Data section:
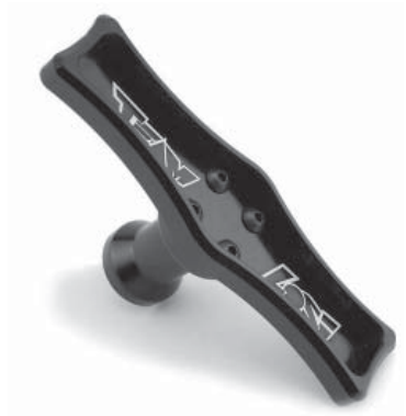
LOSB4604 17mm Wheel Wrench
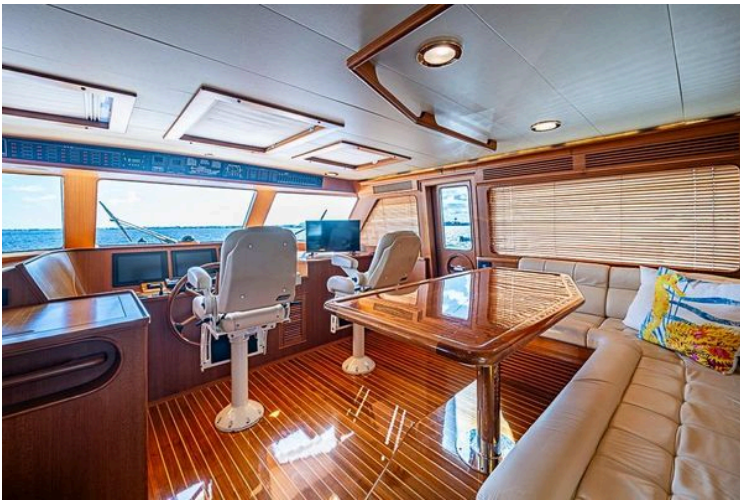
Luxurious interior of 2014 Marlow Explorer 66E yacht with wood finishes and plush seating.
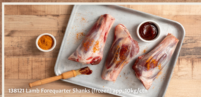
138121 Lamb Forequarter Shanks (frozen) app. 10kg/ctn

Required work:
The data must be repeated exactly. Any pictures in it are to be left out.

Result below:
LOSB4604 17mm Wheel Wrench
Luxurious interior of 2014 Marlow Explorer 66E yacht with wood finishes and plush seating.
138121 Lamb Forequarter Shanks (frozen) app. 10kg/ctn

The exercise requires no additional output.